# Any Sherline lathe owners here?



## sportandmiah (May 4, 2009)

After months of reading and comparing lathes, I'm thinking about purchasing a Sherline. The quality appears to be light years ahead of the Chinese made units, and the support looks second to none. Anyone else here have one? Was it a good purchase?


----------



## ChooChooMike (May 4, 2009)

:big: ME ME ME !

I have a Sherline long-bed lathe and most of the goodies to go with it 

Mike


----------



## D.C.Clark (May 4, 2009)

I have a Sherline lathe, mill, complete CNC package.

Subscribe to: http://tech.groups.yahoo.com/group/sherline/

for the most and best information on Sherlines.

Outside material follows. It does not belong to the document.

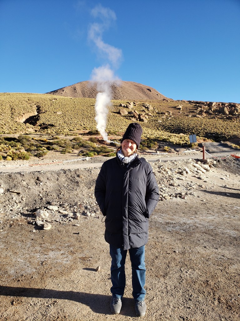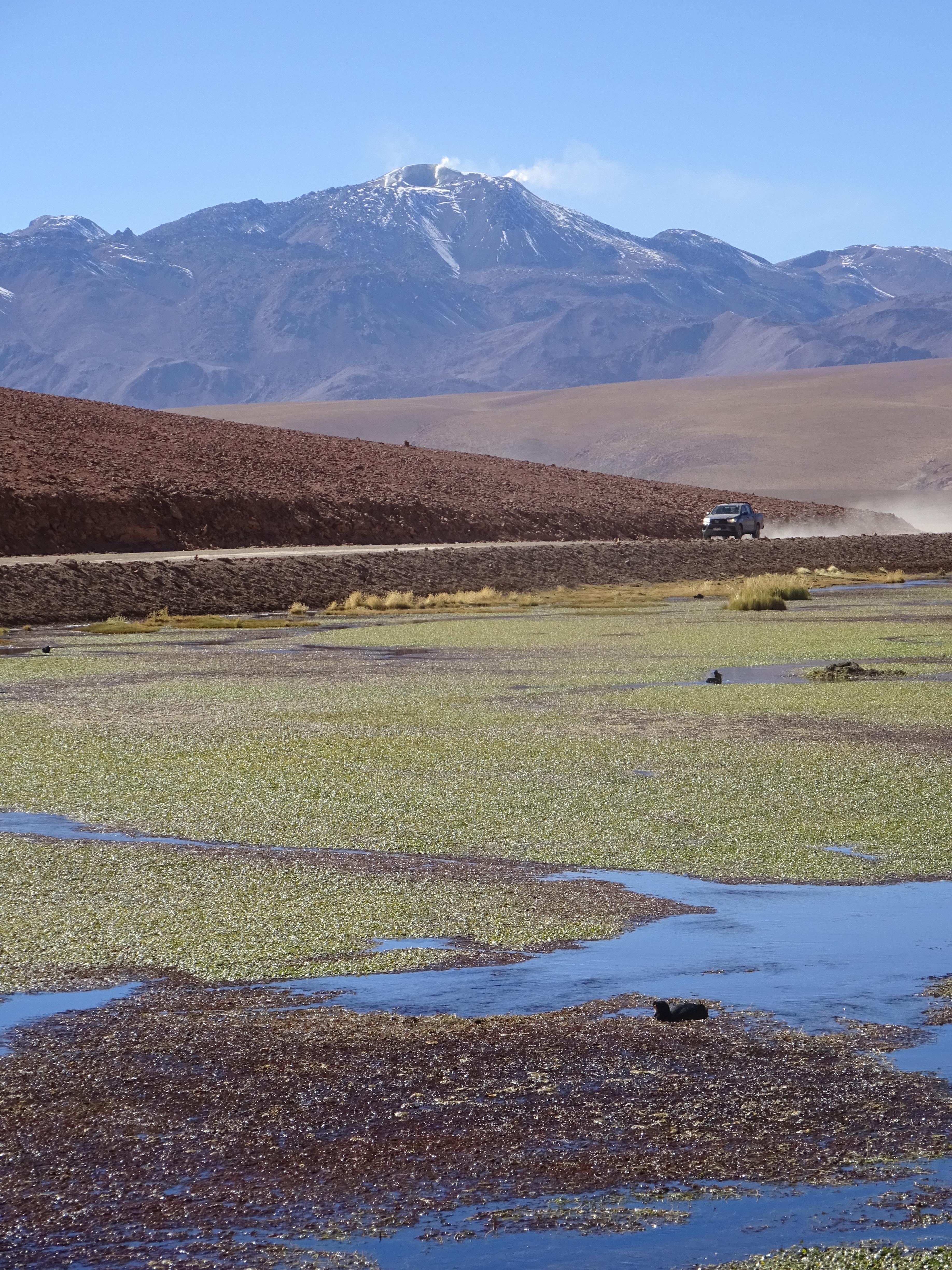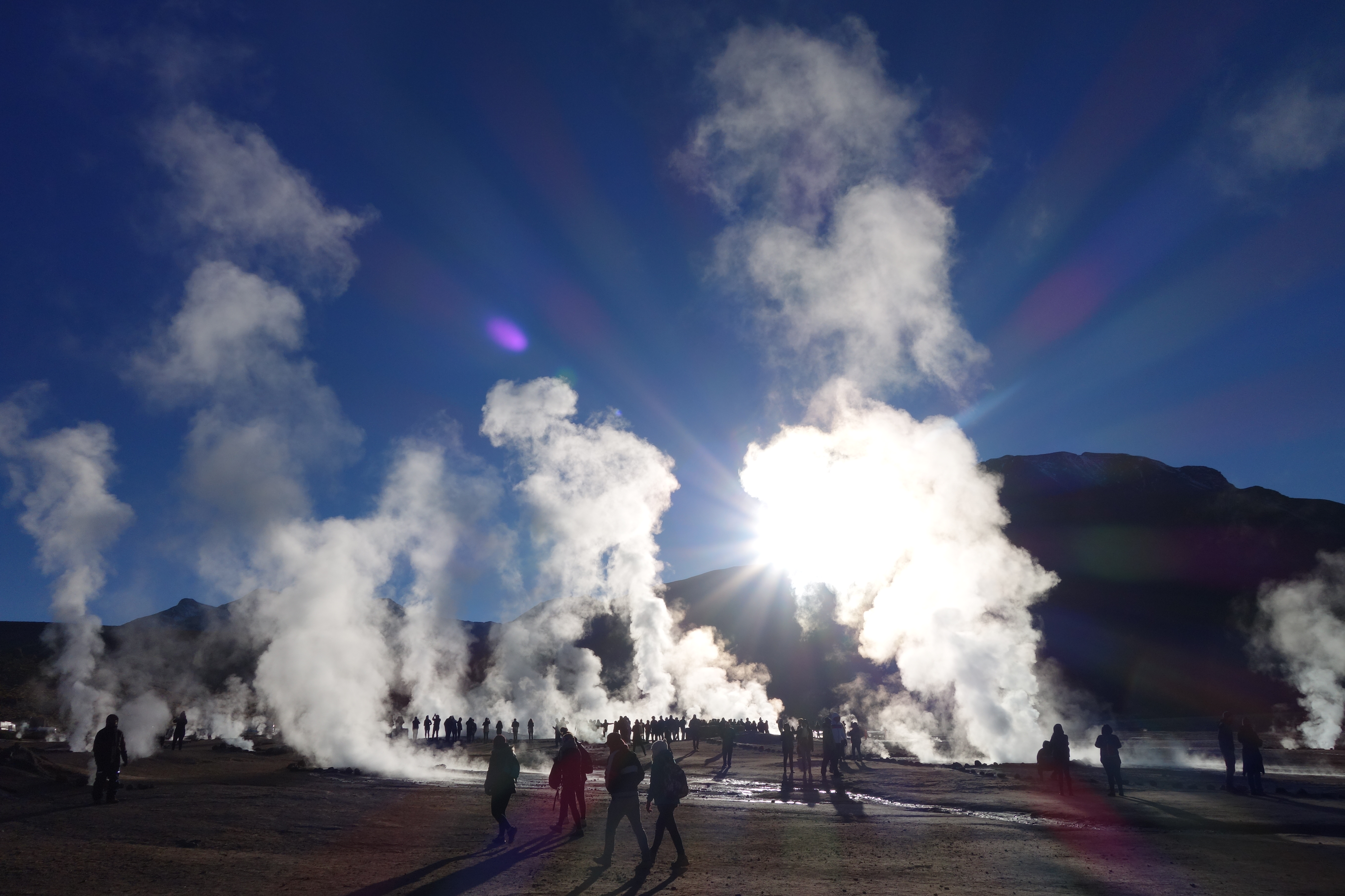 The moon drops and the sky eventually lightens as we waken and pull into a coral containing hundreds of cattle vans, with the occasional buffalo bus and a smattering of sheep cars. The queue for the loo is stamping and snorting, it’s minus 7degC and steam rises from the huddled herd. Boots, quilted jackets and woolly hats abound, but there are the occasional sandal and sweatshirt who look due for an early cull. Eventually Sina has the tickets and we rumble into the valley of Taito Geysers.

Browse through the files and photos. In my opinion, Sherline is by far the best value in a benchtop machining system available today.

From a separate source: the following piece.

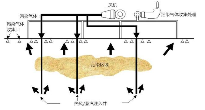 1、物理修復技術(shù)。物理修復主要針對有機污染物,修復技術(shù)包括蒸汽浸提、熱脫附、微波加熱等,目前已有苯系物、多環(huán)芳烴、多氯聯(lián)苯以及二噁英等的土壤修復的工程應用。蒸汽浸提技術(shù)可以進行原位或異位修復,是通過降低土壤孔隙的蒸汽壓,將土壤中的污染物以蒸汽形式去除。適用于高揮發(fā)性化學污染土壤的修復,如汽油、苯和四氯乙烯等。具有可操作性強,設備簡單,容易安裝,對土壤結(jié)構(gòu)破壞小,處理周期6~24個月。但只能處理不飽和的土壤,對飽和土壤和地下水的處理還需要其他技術(shù)。熱脫附修復技術(shù)指利用高溫所產(chǎn)生的一些物理和化學作用(揮發(fā)、燃燒、熱解)去除或破壞土壤中有毒物質(zhì)的過程。一般用于處理有機污染的土壤(VOCs、SVOCs、農(nóng)藥等)及部分重金屬污染的土壤(如揮發(fā)性金屬汞),具有快速、治理效果好、適用范圍廣等特點。但熱處理技術(shù)成本較高,相關(guān)設備及修復過程需要大量的人力物力與時間,一定程度上限制了該技術(shù)的推廣應用。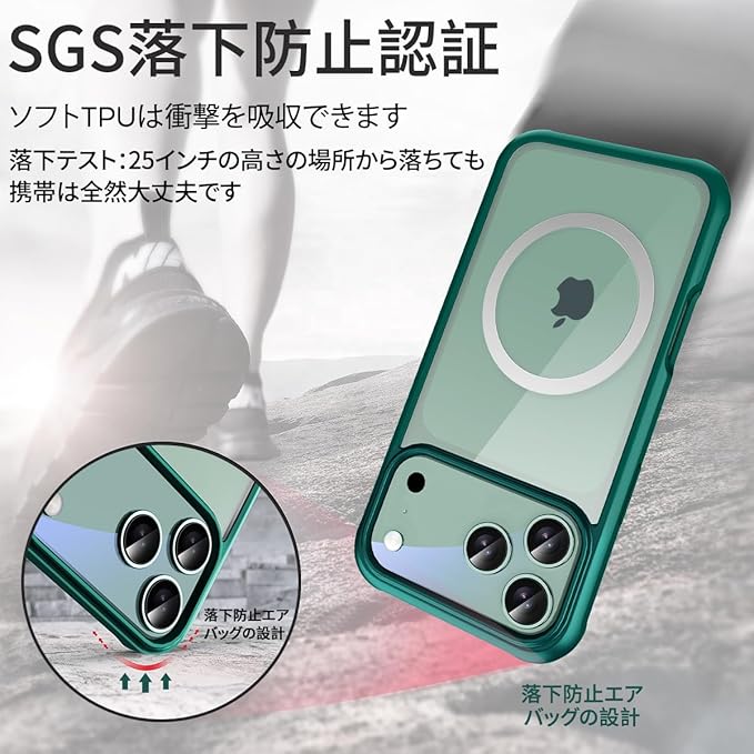 [軍用級360 全身保護]17 Pro Max Magsafe ケースはSGSの落下防止認証を取得し、両面強化ガラスとソフトTPUバンパーで作られています。 17 Pro Max Magsafe ケースは全面的な保護ができて、取り付け方も簡単です。16のスクリーンに傷つかないように 、17 Pro Max Magsafe ケースの内側にはガラススクリーンを保護するフィルムがあります。17 Pro Max Magsafe ケースには4つのエアクッション緩衝角があり、超薄型エアクッションで衝撃を減弱する技術を採用し、落ちる時の損害を防ぐことができます。

David Clark in Southern Maryland, USA


----------



## PTsideshow (May 4, 2009)

I have a long bed with DRO's and a 8 axis knee me with the same. Along with a lot of the toys that go with it. I also have their CNC rotary table. I tell you that after you figure it out the CNC table it is well worth the money.
if you are doing that type of work. The instruction booklet is intimidating, but playing with it for 20 minutes did the trick. 
They were just at the NAMES expo and I picked up a couple of items that they were selling at a discount so the wouldn't have to ship them home.

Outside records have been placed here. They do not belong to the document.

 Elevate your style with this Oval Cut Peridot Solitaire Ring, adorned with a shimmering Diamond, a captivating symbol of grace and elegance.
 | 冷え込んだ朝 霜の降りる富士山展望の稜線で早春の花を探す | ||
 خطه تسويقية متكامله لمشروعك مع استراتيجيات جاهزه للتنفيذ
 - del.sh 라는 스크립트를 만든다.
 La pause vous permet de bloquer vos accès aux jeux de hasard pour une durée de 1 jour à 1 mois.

With the riser block set for the lathe you can do light weight things about 5 ½" dia easily. All in all they are great machines for the size, more people are making after market bits for them.

And yes the company is great to deal with, if you are retired ask if they still have the discount on the stuff. I can also recommend their table top machining book. along with their catalog of accessories, which has all the instruction sheets for their products.

I have to say that I haven't used mine as much as I would have liked this last year!
glen


----------



## kellswaterri (May 4, 2009)

Hello all, I too have the long bed lathe with quite a few extras...had it for about three years now...must really get around to using it soon :-[ some amazing work has been produced on these little machines.
All the best for now,
              John.
P.S. 
   David has just cross posted me... I totally agree with his comments on the lathe.


----------



## Hal (May 4, 2009)

I just picked up a used 4000 from the local pawn shop when they had a 1/2 off sale.

Seems like a great little machine. One of the things I like best about it is the variable speed motor.

I still need to get more tooling, but that's always the case.

One of the package deals would be the way to go if buying new.

Hal


----------



## David Morrow (May 4, 2009)

And if you are thinking about a Sherline mill, a lot of the accessories will work on both the lathes and the mills. I have two of the 2000 mills and echo the comments on dealing with Sherline - a very good bunch. Although I already have a large lathe, I've thought about a Sherline as well just for these reasons.


----------



## toolsrul (May 4, 2009)

Have you looked @ a Taig? Nick Carter has an enormous website (cartertools.com)on Taig Tools - lathes & mills. (Micro Proto). Yahoo also has a Taig group.


----------



## kuhncw (May 4, 2009)

I bought a short bed Sherline lathe a couple years ago and it has been a very worthwhile addition to the shop. I wouldn't give up my 13 inch Sheldon, but I find much of the small work going to the Sherline. The resettable dials are handy and the rear tool post for the cut off tool works well.

Assuming the Sherline is a good match to the size parts you are going to machine, I think you'll like the Sherline.

Regards,

Chuck


----------



## sportandmiah (May 5, 2009)

Thanks all. I've looked at nearly every make and model of small lathes. The Taig is nice but I like the Sherline as it is one nice small piece of equipment. The Taig, although small, has that huge motor, mounting board, etc. Anyone NOT like their Sherline for any reason?


----------



## tmuir (May 5, 2009)

I've been thinking of getting a sherline for my workshop but after looking a the prices of them in OZ I have put it on the 'Would be nice to have' list.
I've already got a chinese lathe and a British BTM watch makers lathe so unless I sell my watchmakers lathe I couldn't possible afford one.


----------



## Orrin (May 5, 2009)

My wife sometimes does things on impulse. For instance, she once got bored while I was taking pictures at PRIME, so she went to the Sherline booth and bought their entire machine shop package! 

It made no difference that I already had three lathes and a mill: a 10" and 13" Sheldon and a 9" SB along with a Van Norman #6 mill. She bought the Sherline line, anyhow. 

I made the best of the situation by buying almost every Sherline accessory there is and I've not been sorry. I'm surprised at how much I've used the equipment. 

Go for it!

Best regards, 

Orrin


----------



## PTsideshow (May 5, 2009)

tmuir  said:
			
		

> I've been thinking of getting a sherline for my workshop but after looking a the prices of them in OZ I have put it on the 'Would be nice to have' list.



Considering that is its birth place, that is a little sad. But tis the way of the new world global village!


----------



## tmuir (May 5, 2009)

PTsideshow  said:
			
		

> Considering that is its birth place, that is a little sad. But tis the way of the new world global village!



1$ OZ = $0.74 US
Sherline 4100 lathe in the US $575 US = $771 OZ http://www.sherline.com/prices.htm
Sherline 4100 lathe in OZ = $1639 OZ = $1221 UShttp://www.miniaturesteammodels.com/prod2378.htm


admittedly the OZ price includes 10% GST but that still is one hell of a price difference.
For $800 odd I would buy one but not for $1600 odd.


----------